What the task requires is an exact printout of the listing below, pictures excluded.

SOURCE DATA:
▼▼▼
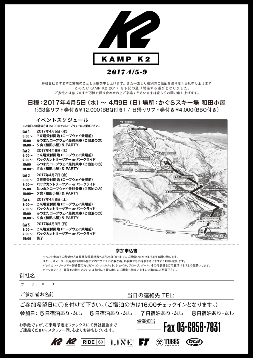 春の祭典です!ことしもかぐらにて、KAMP K2が開催されます。一般ユーザーの方も参加できるイベントですので、ぜひチェックしてみてください。 JUGEMテーマ :スノーボード
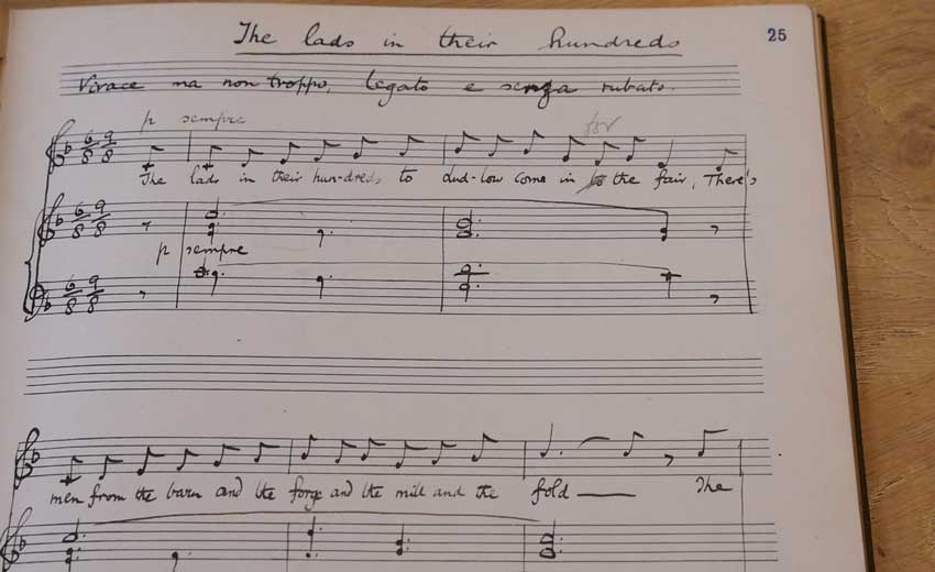 The filmmaker gained exclusive access to the complete Butterworth folk song manuscripts and related audio-visual materials held in the Vaughan Williams Memorial Library (VWML), including Cecil Sharp's stunning pre-World War One photographic portraits of English folk singers.
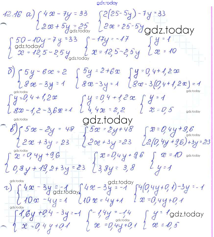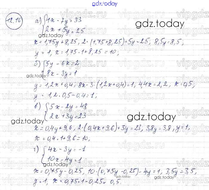 Ответы к § 12. Метод подстановки Решение к главе 3 16 Задачнику по Алгебре для 7 класса Мордкович, Александрова Базовый уровень Мнемозина 2013
▲▲▲
ANSWER SECTION:
 春の祭典です!ことしもかぐらにて、KAMP K2が開催されます。一般ユーザーの方も参加できるイベントですので、ぜひチェックしてみてください。 JUGEMテーマ :スノーボード
 The filmmaker gained exclusive access to the complete Butterworth folk song manuscripts and related audio-visual materials held in the Vaughan Williams Memorial Library (VWML), including Cecil Sharp's stunning pre-World War One photographic portraits of English folk singers.
 Ответы к § 12. Метод подстановки Решение к главе 3 16 Задачнику по Алгебре для 7 класса Мордкович, Александрова Базовый уровень Мнемозина 2013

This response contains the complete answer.